Your goal: Return each of the entries below precisely, with no pictures in the result.

---------- The data ----------

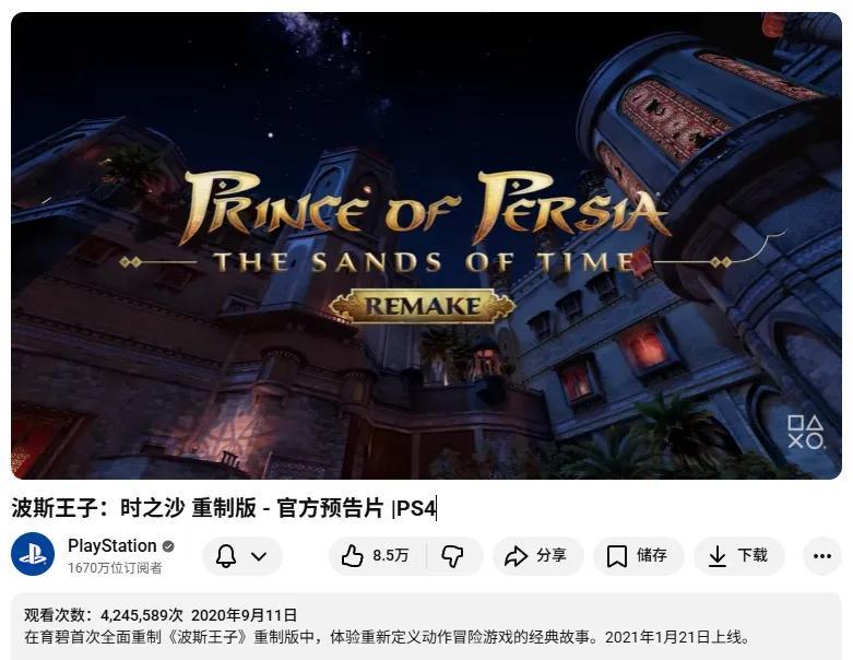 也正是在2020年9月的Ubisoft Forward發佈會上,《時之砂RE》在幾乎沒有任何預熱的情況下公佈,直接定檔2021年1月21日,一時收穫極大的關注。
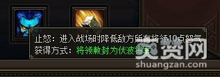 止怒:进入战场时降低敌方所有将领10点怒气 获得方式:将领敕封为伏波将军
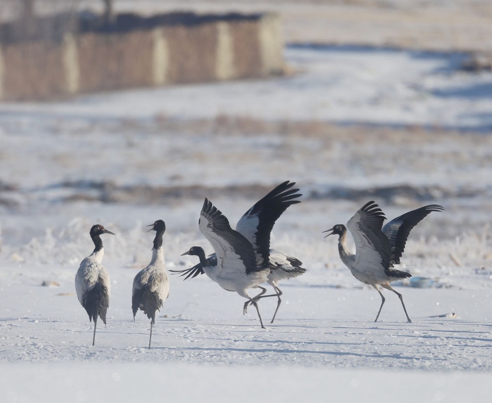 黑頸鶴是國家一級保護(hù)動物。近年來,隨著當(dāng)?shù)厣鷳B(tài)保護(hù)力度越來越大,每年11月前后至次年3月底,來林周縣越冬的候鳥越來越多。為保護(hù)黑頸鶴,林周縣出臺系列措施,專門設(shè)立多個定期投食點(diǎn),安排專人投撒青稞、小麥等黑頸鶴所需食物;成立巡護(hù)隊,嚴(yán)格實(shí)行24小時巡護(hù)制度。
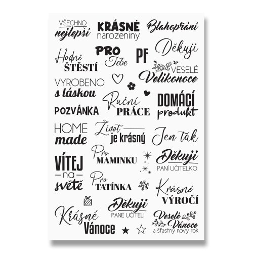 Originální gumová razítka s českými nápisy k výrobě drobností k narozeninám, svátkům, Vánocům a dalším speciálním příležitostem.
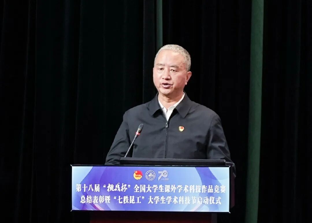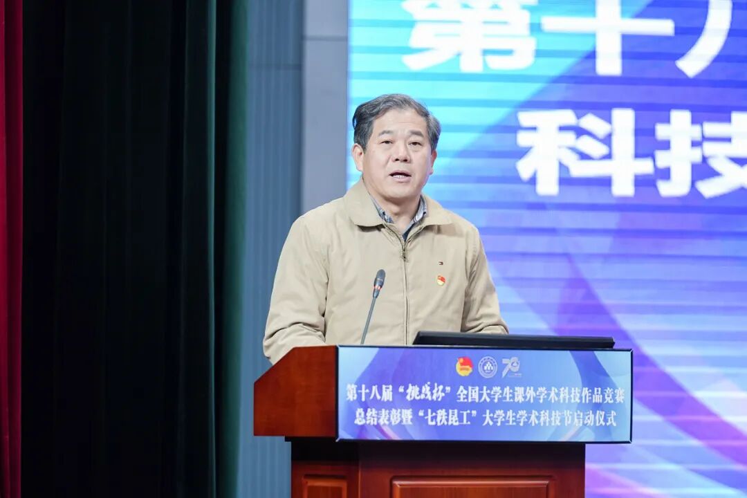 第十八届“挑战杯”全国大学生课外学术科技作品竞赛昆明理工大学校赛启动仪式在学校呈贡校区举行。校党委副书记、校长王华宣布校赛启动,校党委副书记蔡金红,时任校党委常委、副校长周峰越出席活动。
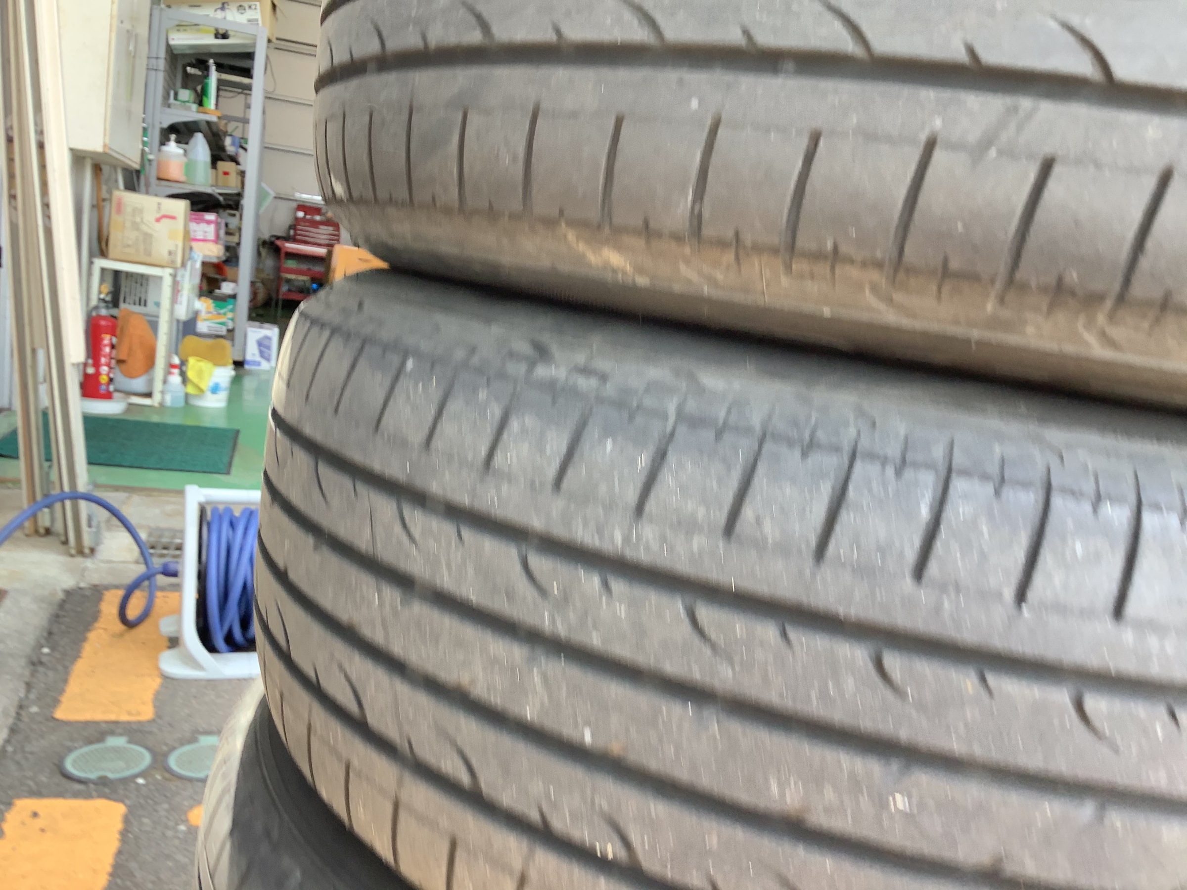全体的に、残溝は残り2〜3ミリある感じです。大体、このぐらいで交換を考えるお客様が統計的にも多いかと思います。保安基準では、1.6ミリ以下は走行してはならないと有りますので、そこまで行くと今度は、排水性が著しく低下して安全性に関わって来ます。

----------

Result for this task:
 也正是在2020年9月的Ubisoft Forward發佈會上,《時之砂RE》在幾乎沒有任何預熱的情況下公佈,直接定檔2021年1月21日,一時收穫極大的關注。
 止怒:进入战场时降低敌方所有将领10点怒气 获得方式:将领敕封为伏波将军
 黑頸鶴是國家一級保護(hù)動物。近年來,隨著當(dāng)?shù)厣鷳B(tài)保護(hù)力度越來越大,每年11月前后至次年3月底,來林周縣越冬的候鳥越來越多。為保護(hù)黑頸鶴,林周縣出臺系列措施,專門設(shè)立多個定期投食點(diǎn),安排專人投撒青稞、小麥等黑頸鶴所需食物;成立巡護(hù)隊,嚴(yán)格實(shí)行24小時巡護(hù)制度。
 Originální gumová razítka s českými nápisy k výrobě drobností k narozeninám, svátkům, Vánocům a dalším speciálním příležitostem.
 第十八届“挑战杯”全国大学生课外学术科技作品竞赛昆明理工大学校赛启动仪式在学校呈贡校区举行。校党委副书记、校长王华宣布校赛启动,校党委副书记蔡金红,时任校党委常委、副校长周峰越出席活动。
全体的に、残溝は残り2〜3ミリある感じです。大体、このぐらいで交換を考えるお客様が統計的にも多いかと思います。保安基準では、1.6ミリ以下は走行してはならないと有りますので、そこまで行くと今度は、排水性が著しく低下して安全性に関わって来ます。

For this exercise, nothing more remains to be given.